Ketua Majelis Fatwa Majelis Intelektual dan Ulama Muda Indonesia (MIUMI) Ustadz Zain An Najah mengatakan tugas ulama mengingatkan penegakan syariat. Islam akan tegak apabila didukung dengan politik yang kuat. “Tugas ulama dan umat mengingatkan politisi agar tidak mengedepankan syahwat berkuasa. Melainkan kekuasaannya ditujukan untuk menjalankan syariat Islam,” katanya dalam Tabligh Akbar MIUMI ‘Arah Perjuangan Umat’ di Masjid Al Azhar, Kebayoran Baru, Jakarta Selatan, Sabtu (01/12/2018).

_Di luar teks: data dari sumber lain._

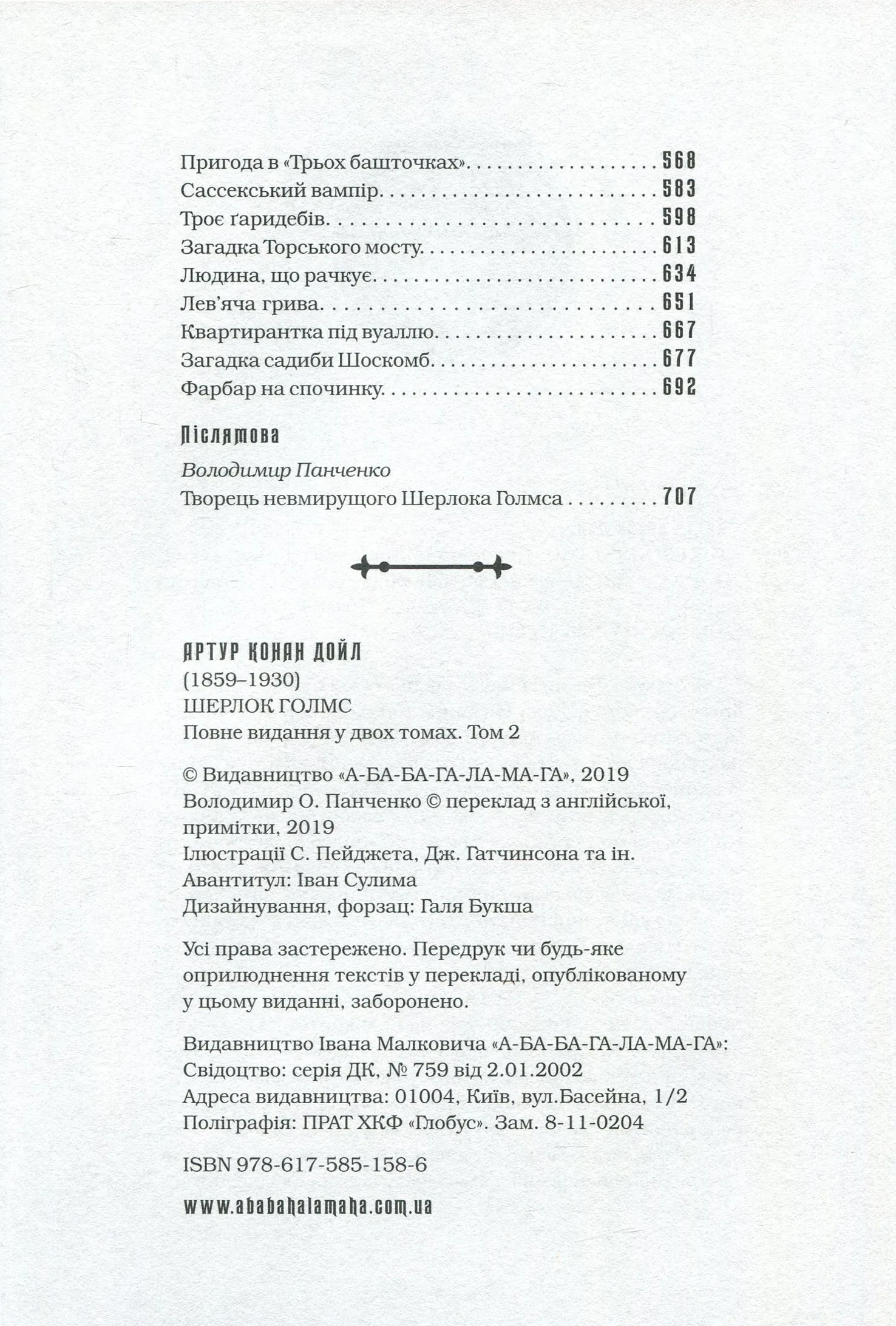 Видавництво «А-БА-БА-ГА-ЛА-МА-ГА» пропонує читачам перший в Україні повний переклад циклу повістей і оповідань Артура Конан Дойла про пригоди славетного детектива у новому перекладі талановитого сучасного перекладача і вченого Володимира Панченка. І самі твори, і оригінальні ілюстрації кінця XIX – початку XX століть, запозичені з прижиттєвих видань творів письменника, допоможуть вам по-справжньому зануритись у неповторну атмосферу вікторіанської Англії.
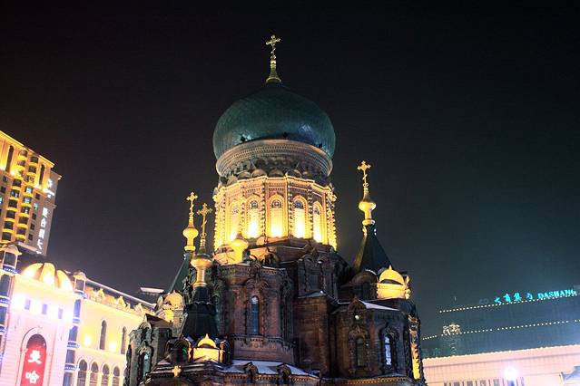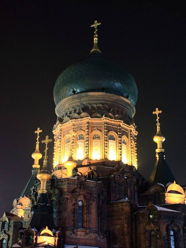 然后依次吃居家菜馆(下夹树街店),前往哈尔滨北方国际青旅入住,逛中央大街,在松花江光不刺溜的冰面上打出溜滑~看圣索菲亚大教堂夜景,回青旅。聊天,安排周日行程,睡觉。
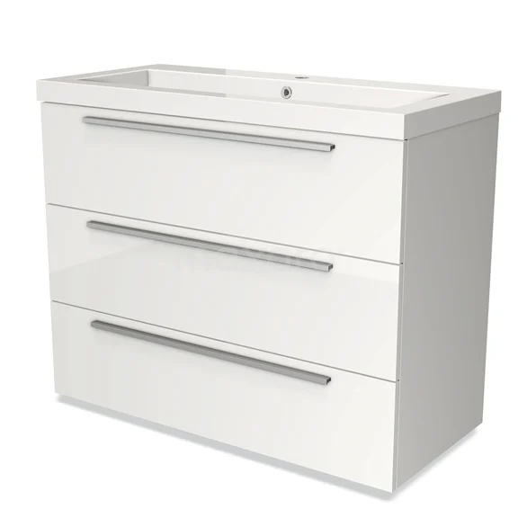Modulo Waschtische | 100 cm Hochglanz Weiß Flach front Mineralguss 3 Schubladen

Meneladani  Rasulullah Saw.

Sebagaimana kita ketahui, Muhammad bin Abdillah, sejak diangkat sebagai nabi/rasul, mulai tidak disukai oleh kaumnya. Para pemuka Arab, bahkan paman beliau, seperti Abu Lahab yang dulu begitu menyayangi beliau, berbalik memusuhi beliau secara keras. Apakah hal itu semata-mata karena beliau membawa agama/keyakinan baru? Tidak.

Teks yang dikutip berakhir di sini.